= Susanne Puddefoot =

Susanne Puddefoot (3 October 1934 – 13 September 2010) was an English journalist, editor and charity director. She was the first editor of the Times women's page.

==Biography==
Puddefoot was born in Blackpool to Lillian (née Frankland) and Syd Puddefoot, a football manager who had previously played professional football for West Ham United, Falkirk and Blackburn Rovers. Her father had been managing in Turkey at Galatasaray, but they moved back to England for the birth. She was educated at Blackpool Collegiate School for Girls between 1945 and 1953 and then read medieval and modern languages (French and German) at Girton College, Cambridge. There, she was assistant editor of Granta and was involved with Varsity alongside the likes of Michael Winner, Gavin Lyall and Michael Frayn.

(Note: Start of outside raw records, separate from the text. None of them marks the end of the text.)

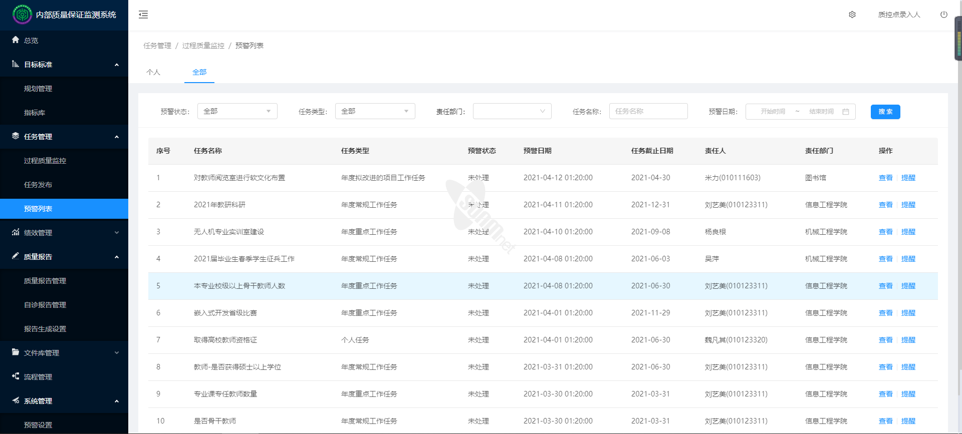 ▲内部质量保证监测系统-预警列表
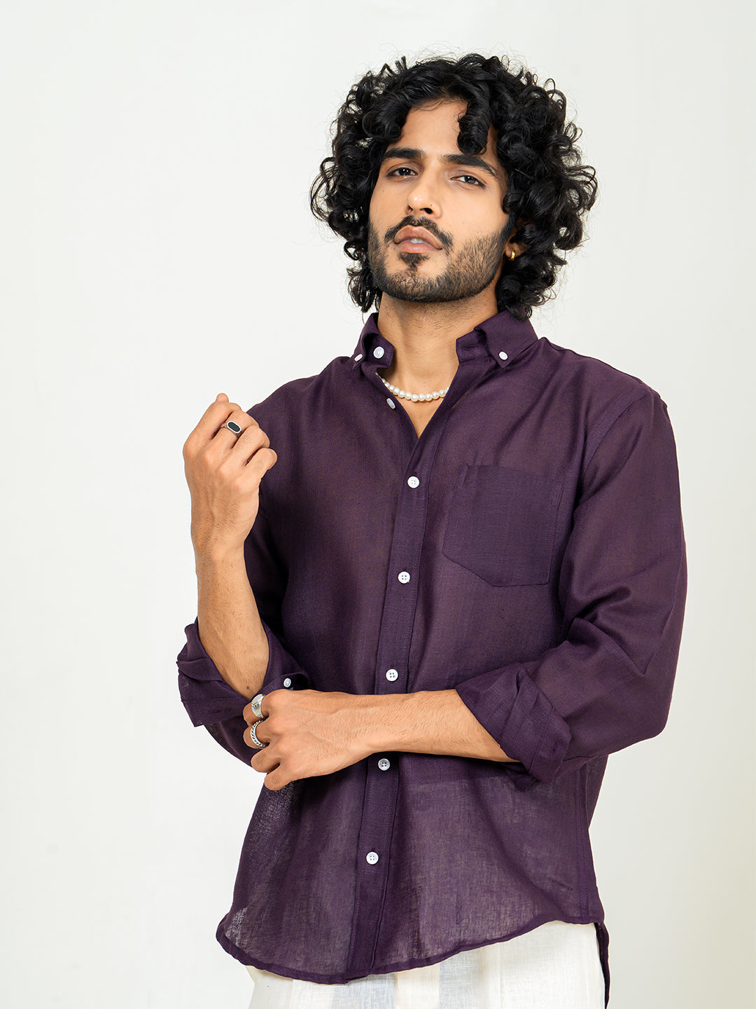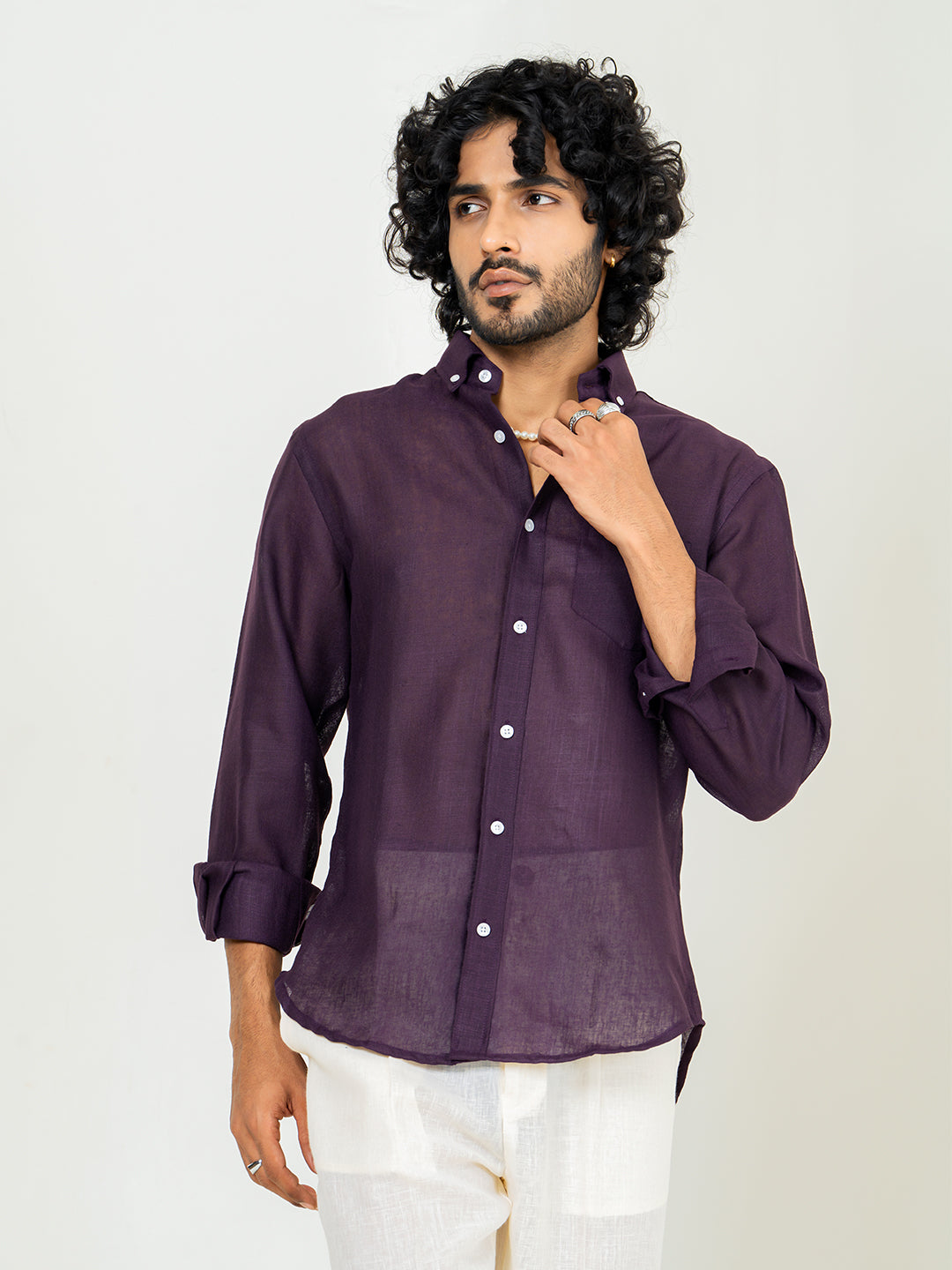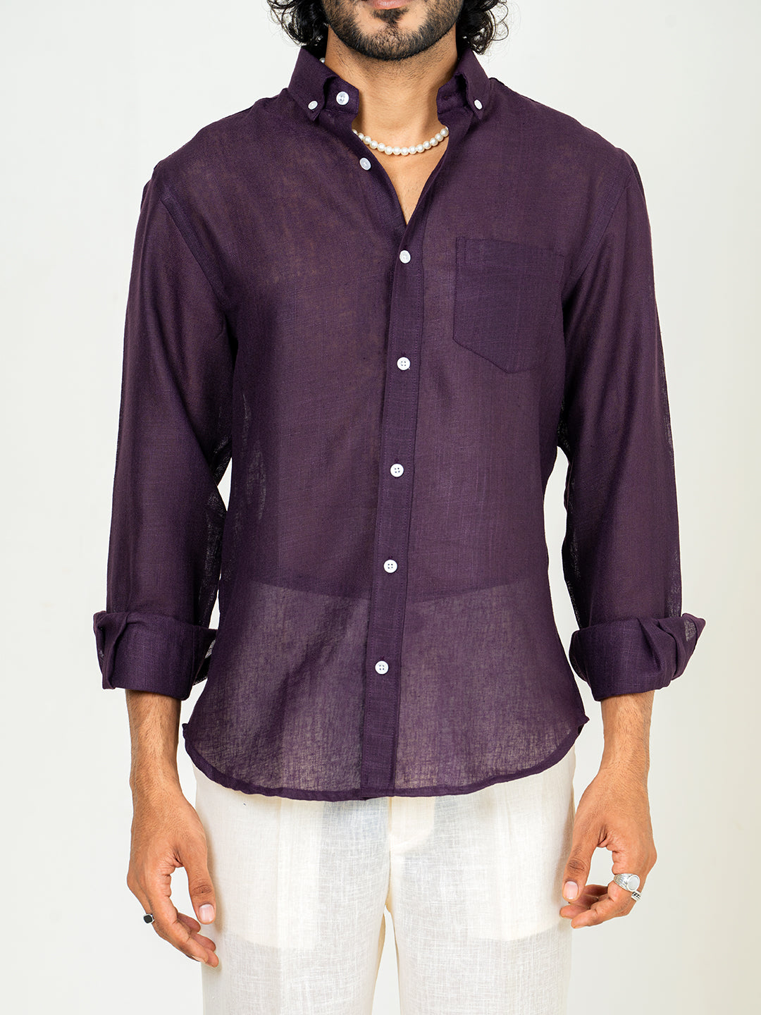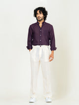 This aubergine shirt combines the rich, bold hue with a lightweight linen blend. It’s perfect for those looking to add a touch of unique color to their wardrobe without sacrificing comfort.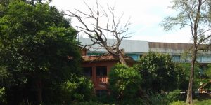 रेलवे कर्मचारियों के आवासों के दीवाल पर टिके है गिरे हुए सूखे पेड़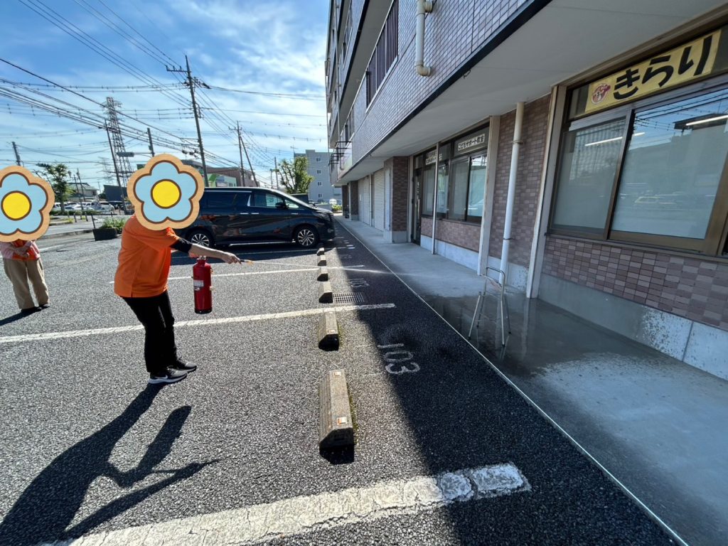 消防署から水消火器をお借りして、指導員で消火訓練を行いました!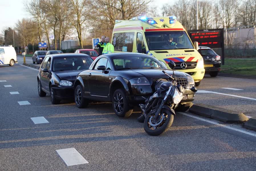 Het ongeval gebeurde rond 17.30 uur op het kruispunt van de Richterslaan met de N18. Een automobilist en de motorrijder stonden voor het stoplicht te wachten. Een achteropkomende bestuurder had dit niet in de gaten en ramde tegen de auto voor hem aan. Deze schoot vervolgens door tegen de motorrijder, waarbij de tweewieler vast kwam te zitten onder het voertuig.
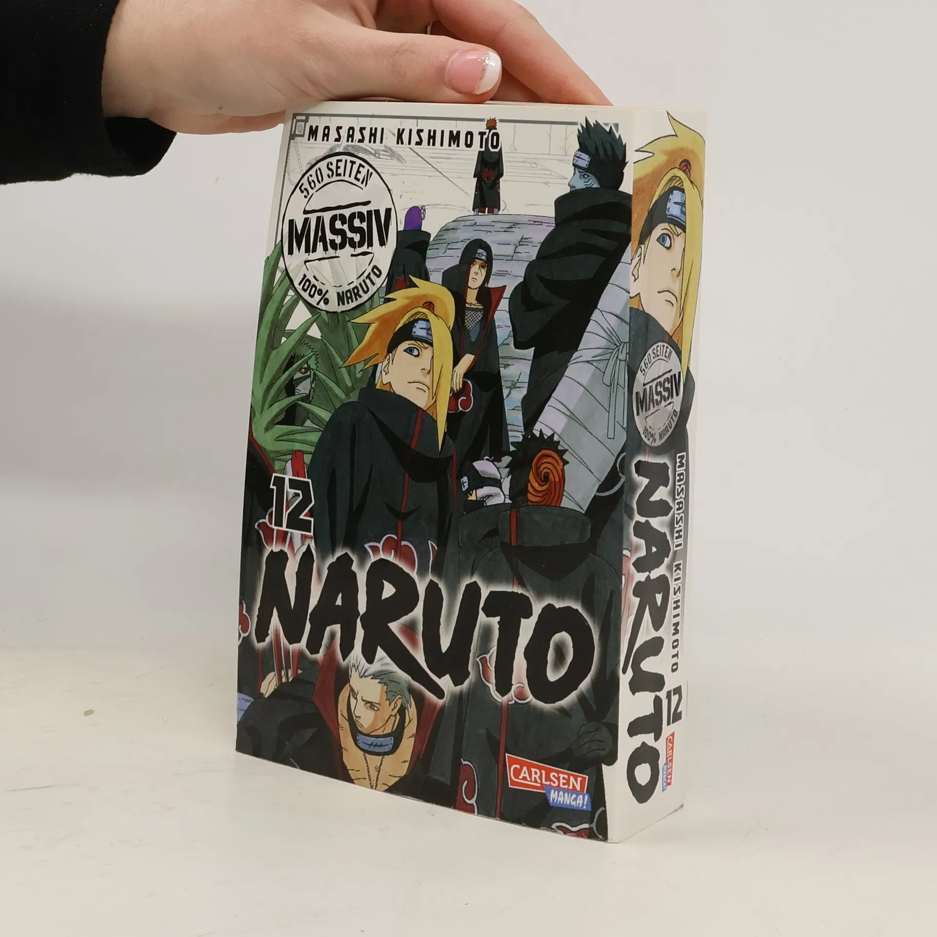 Erlebe atemberaubende Abenteuer und Ninja-Action mit NARUTO! Jetzt als tolle Sammelbandedition mit insgesamt 24 Bänden im größeren Format und neuen Covermotiven! Die Gruppe Sieben gelangt zwar an ihr Ziel, aber das Treffen mit einem Spion erweist sich als Orochimarus Falle. Dennoch gelingt es Naruto und seinen Kameraden Orochimarus Versteck zu finden. Dort sehen sie endlich Sasuke wieder. Aber von seinen Rachegelüsten besessen, verschwindet Sasuke wieder mit Orochimaru… Dass er Sasuke nicht zurückgewinnen kann, führt Naruto die eigene Schwäche vor Augen. Unterdessen beginnt »Akatsuki« eine regelrechte Jagd auf Biju…! Band 12 der Naruto-Massiv Reihe enthält die Kapitel 313 - 342. Für Fans von One Piece, My Hero Academia, Demon Slayer, Jujutsu Kaisen, Dragon Ball, Dr. Stone und Fairy Tail! Massiv-Highlight in Band 12: Die mysteriöse Organisation »Akatsuki«, bestehend aus Verbrechern vom S-Rang, jagt Biju… Was für eine böse Absicht steckt dahinter?! Ihr nächstes Ziel lautet das Kyubi, Naruto!! - Hidan & Kakuzu reisen nach Hi-no-Kuni… - Narutos Training, um eine neue Kunst zu entwickeln! - Asuma-Gruppe vs. Hidan - Die 10. Gruppe und Kakashi in Trauer kämpfen zusammen! - Shikamaru bestraft Hidan! - Kakashi führt einen harten Kampf gegen Kakuzu! - Narutos neue Kunst ist erst zu 50% entwickelt! Ist sie schon einsatzbereit?!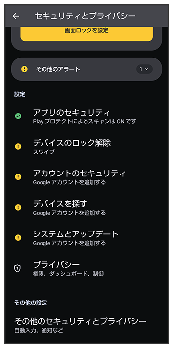 | アカウントのセキュリティ | 項目が追加され、本機や、ログイン中のGoogle アカウント、Google アカウントに保存したパスワードのセキュリティに問題ないかを確認できます。 |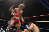 2Rも武尊が猛攻。前蹴りとヒザ蹴りでボディを攻め、さらに重い右ローを蹴り込む。これでプリリップの動きを止めると、右アッパーから強烈な左フックを叩き込んでプリリップがダウン。何とか立ち上がろうとするプリリップだったが、レフェリーが試合を止め、武尊がKO勝利で1回戦を突破した。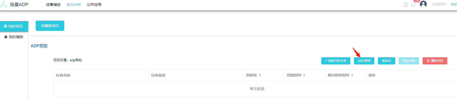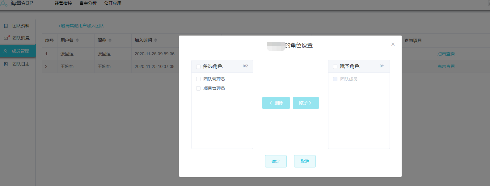 在自主分析中创建项目后,即可对不同的团队成员进行权限管理,可以设置为项目管理员或项目成员。
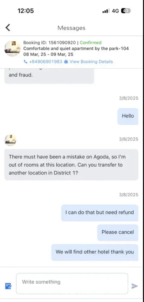 Once again, we would like to take this opportunity to express our sincere regrets for the inconvenience caused by hotel. We understand that this situation was very unpleasant and caused a lot of stress. But we would like to highlight that you could book the room only as hotel and our supplier uploaded it for sale. It is hotel's responsibility to close a room for sale if it is not anymore available. Till the phonecall from hotel on 03 Aug, Agoda had no information that there is any problem with the booking.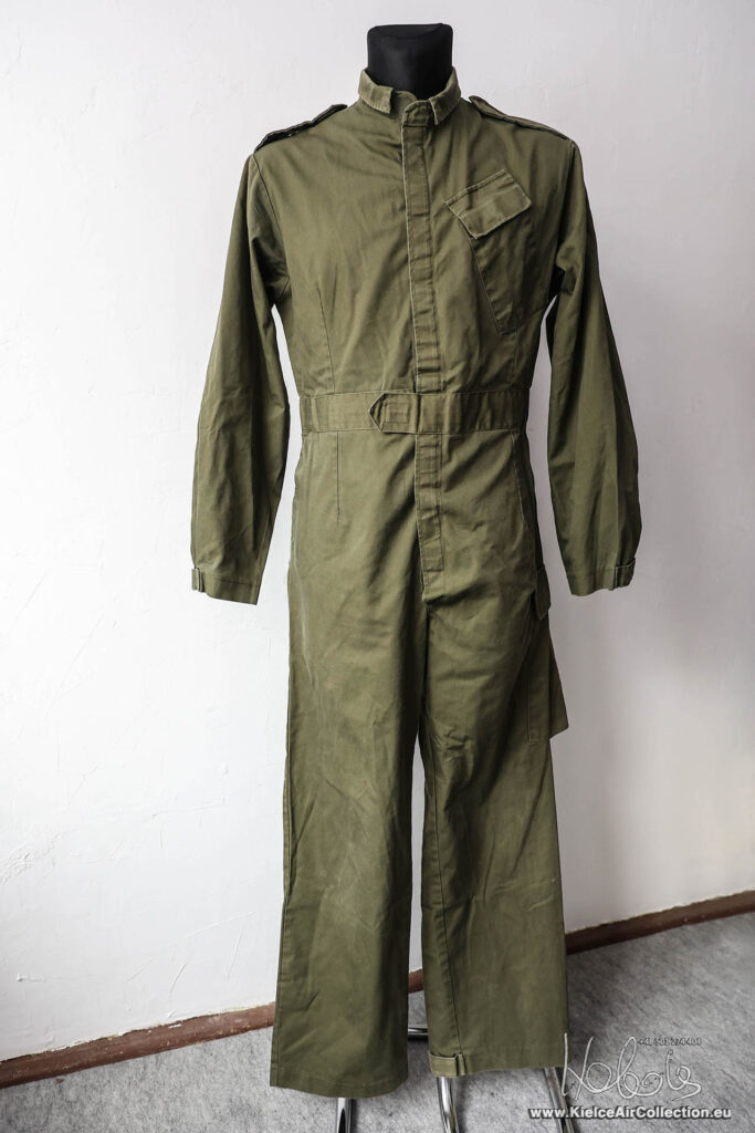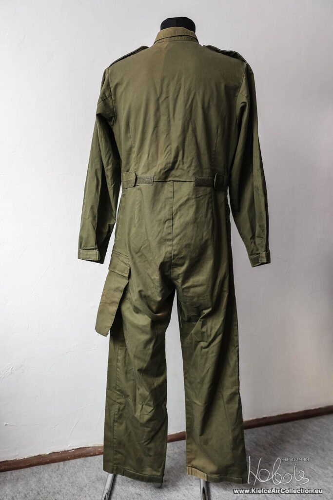 Kombinezon męski jednoczęściowy w kolorze oliwkowym, zapinany z przodu na solidny rzep. Ma mnóstwo miejsc, w których możemy regulować jego obwody. Możliwość regulacji za pomocą ściągaczy na rzepy u dołu rękawów oraz z tyłu w pasie. Kombinezon posiada jedną kieszeń po lewej stronie klatki piersiowej, dwie klasyczne w pasie i jedną głęboką na lewym kolanie. Wszystkie kieszenie zapinane są na rzepy, kombinezon nie posiada guzików. Naramienniki również zapinane są na rzepy.
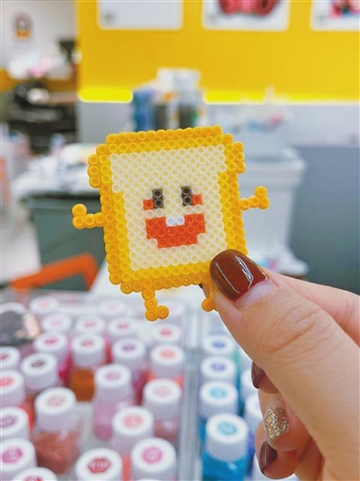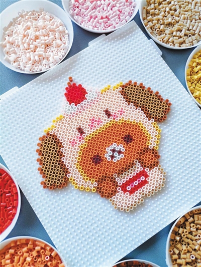 拼豆,即将五颜六色的“塑料豆”拼成图案,加热熔化之后豆与豆之间相互连接,变成平面装饰物。据李可介绍,拼豆不难,“烫豆”(热压定型)难,不少新手动手即“翻车”,能帮忙烫豆的线下手作店成为了她们的目的地。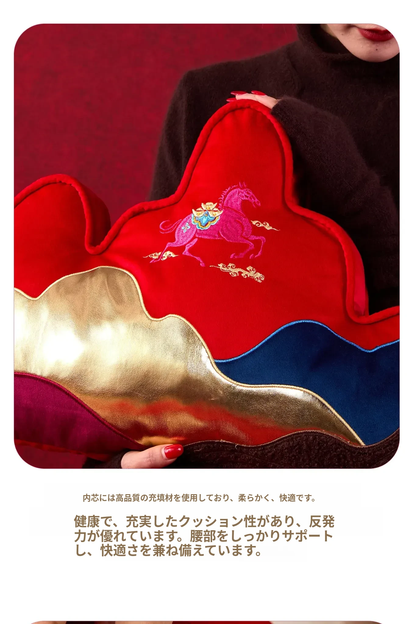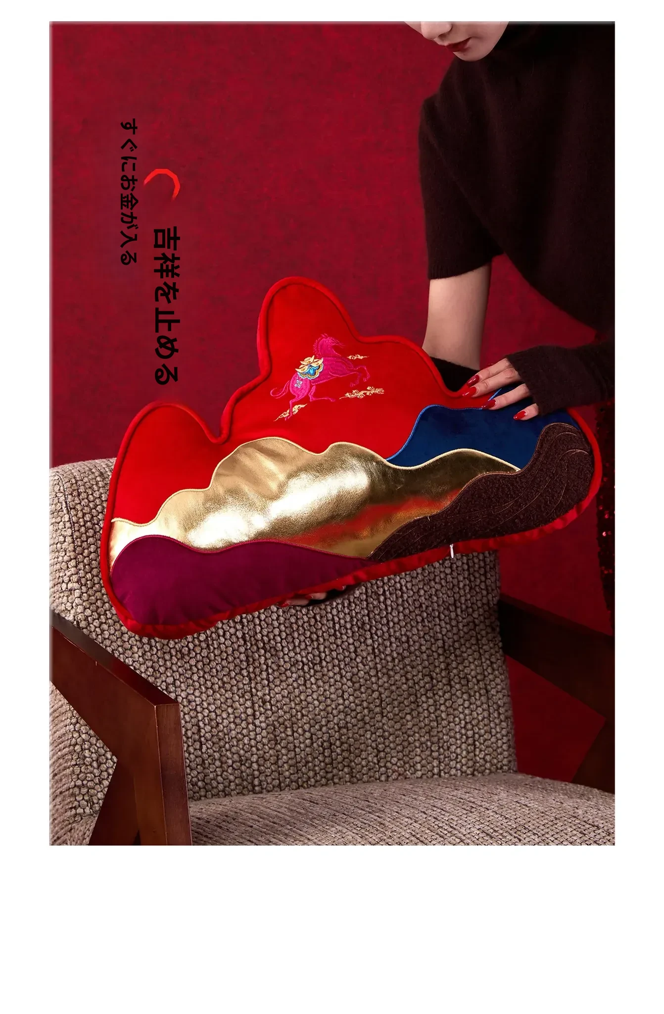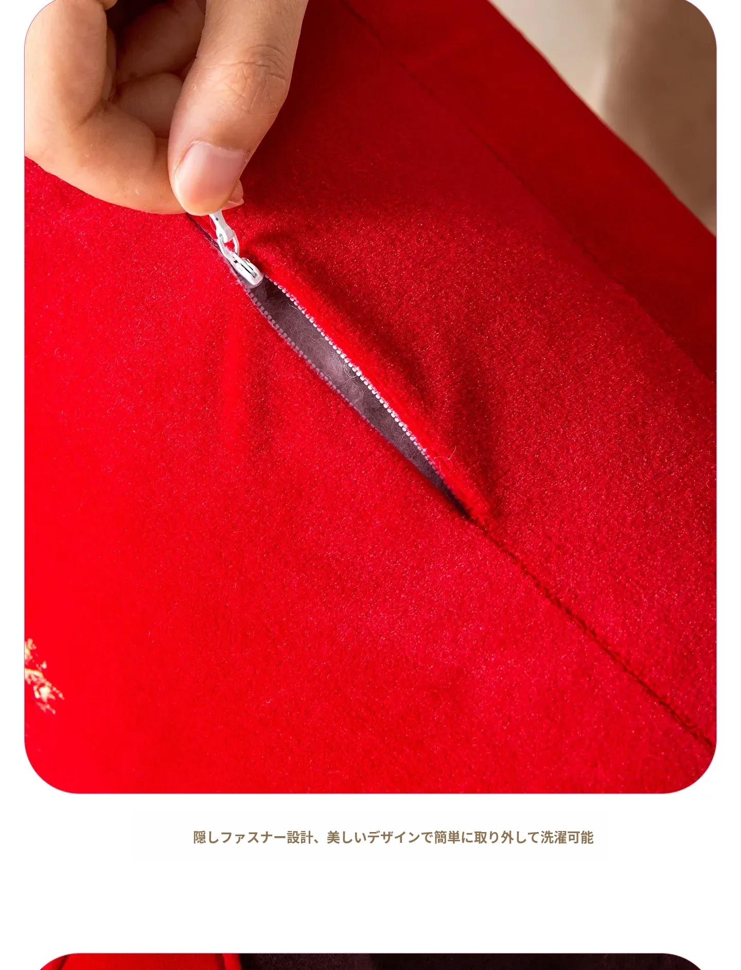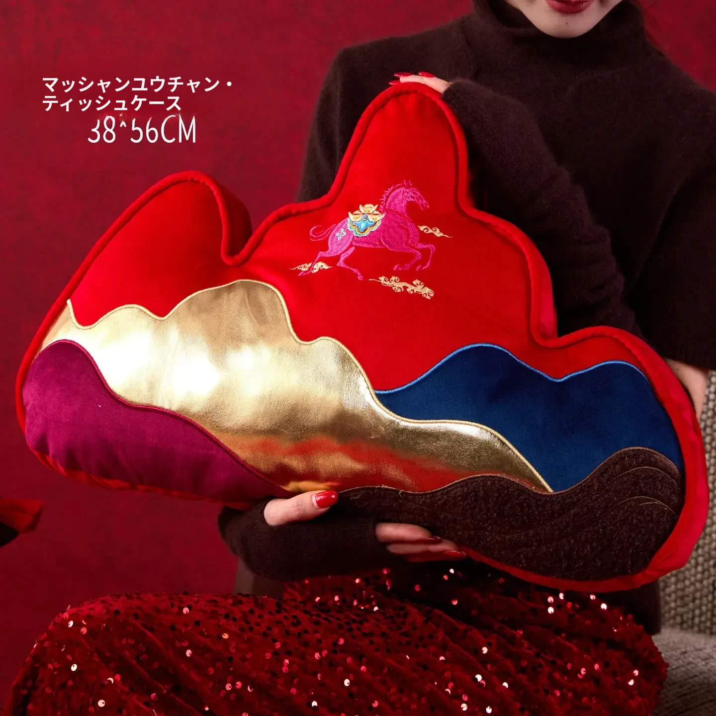 2026年の馬年にぴったり!新年を祝う華やかな赤い刺繍クッションカバー。新中式デザインのユニークな形状で、高級感溢れる腰枕。お部屋を彩り、心地よいひとときを提供します。

In 1956, she worked as a reporter and feature writer for the Lancashire Evening Post, before moving into the advertising industry with Young & Rubicam, Mather & Crowther and Colman, Prentis and Varley. She was also a film critic for the Times Educational Supplement.

In 1959, she married George Perry, whom she had worked under at Granta, and who later worked on the editorial team of The Sunday Times Colour Magazine.

Appointed by Sir William Haley, she joined The Times in 1966 and was the first to edit the newly conceived Women's Page. Her tenure oversaw a 30% increase in readership for the paper and the New Statesman described the page as "currently the best thing in British journalism". Amongst her recruitments to the paper were Katie Stewart and Suzy Menkes. She left The Times in 1969, after nearly four years at the paper, and became involved with the Centre for Contemporary Cultural Studies at the University of Birmingham. In 1970, she was published in Richard Boston's journalism critique The Press We Deserve.

She suffered from bipolar disorder and worked for mental health charity Mind as a director between 1992 and 1996, and again between 2000 and 2006.

In later life, she moved to Stonehouse, Plymouth where she died, aged 75, of pneumonia.

==Awards==
She won a Special Award at the British Press Awards in 1967.